На Кубани сравнительно тихо, с туземцами отношения хорошие, немножко скандалят иногородние да казачья молодежь с фронта, но в общем пока благополучно. По дороге в Екатеринодар останавливаюсь в одной из кубанских станиц, избравшей меня своим казаком на том основании, что мои предки служили в Запорожской Сечи и один из них был даже войсковым писарем. Встречают меня торжественно и ведут к обедне, во время которой замечаю, что священник поминает «воинов, за Веру, Царя и Отечество живот свой на поле брани положивших». Когда после обедни я выражаю свое удивление по поводу сохранения в богослужении прекрасной молитвы, ныне считающейся контрреволюционной, станичный атаман весьма резонно мне объясняет, что за Царя-то и клали свои животы, а когда Его не стало, то животов никто больше не клал и что посему нельзя вводить изменений в старинной формуле, и сие станичному попу внушено. Молодчина.
Кроме мирных поездок для осмотра полков приходится предпринимать и боевые, к сожалению, не особенно удачные.
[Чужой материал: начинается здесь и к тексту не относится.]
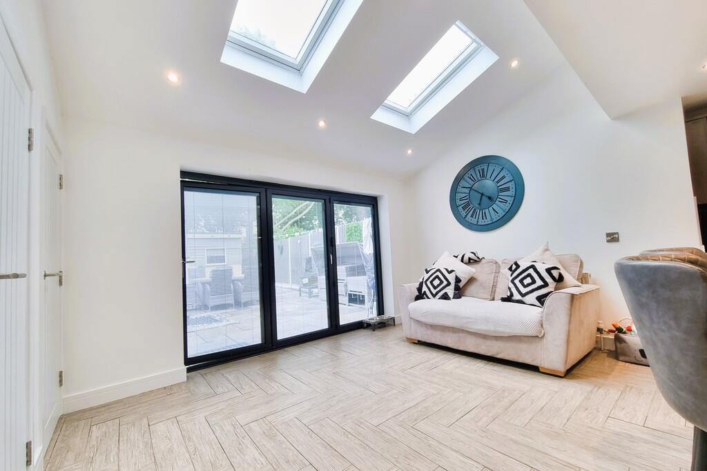 This four-bedroom, two-bathroom property located in Farlington, Portsmouth is presented in excellent condition following what appears to be a recent and high quality refurbishment. The interior features a modern, open-plan kitchen that opens out to a well-maintained back garden. The home has been updated with modern finishes and fixtures throughout; the bathrooms are particularly impressive. The property boasts a sizeable rear garden with ample patio space, a hot tub, and a garden shed – a significant selling point in today’s market. The location benefits from relatively close proximity to good schools (Solent Infant & Junior School and Springfield Primary School), and railway stations in nearby Hilsea and Cosham offer access to the broader Portsmouth region.

Одна из них заключалась в том, что 39-я пехотная дивизия сорвалась с фронта, засела в поезде и под угрозой смерти заставила железнодорожный персонал ее везти на север. Творя по дороге всякие бесчинства, она благополучно проследовала через Закавказье и стала приближаться к Петровску. На Кубани и на Тереке все взволновались, ибо появление этой орды на Северном Кавказе внесло бы слишком много оживления в нашу и без того достаточно беспокойную жизнь.
Получаю серию панических телеграмм и вырабатываю план действий. Решаю дать бой у Хасав-Юрта, собрав там чеченцев и дагестанцев, подтянув туда донскую артиллерию, входившую в состав моего корпуса и стоявшую в станице Прохладной, а также попросив помощи у терских и кубанских казаков. Терцы уклоняются, а кубанцы, в пределы коих, по слухам, и направляется буйная дивизия, предлагают мне взять кубанские казачьи эшелоны, идущие как раз впереди 39-й дивизии, остановить их в Хасав-Юрте и принять под свое начальство. Для того чтобы уговорить казаков в случае каких-либо сомнений, мне присылают в подмогу двух делегатов от кубанского войскового круга, еду с ними в Хасав-Юрт.
Когда подходят один за другим казачьи эшелоны, я их останавливаю, но рожи казаков мне совсем не нравятся. Они категорически отказываются от боевых действий против 39-й дивизии, заявляя, что если солдаты этой дивизии действительно являются опасностью для Кубани, то лучше им, казакам, вернуться в свои станицы и там, в случае надобности, дать отпор этой угрозе, которая, в конце концов, им кажется довольно сомнительной. Бедные депутаты войскового круга всю ночь ходят по вагонам, митингуют и стараются подбодрить своих единоплеменников, но ничего не выходит, и они, наконец, возвращаются ко мне в полной тоске и, разводя руками, признаются в полной неудаче своей миссии. Приходится казачьи эшелоны пропустить дальше.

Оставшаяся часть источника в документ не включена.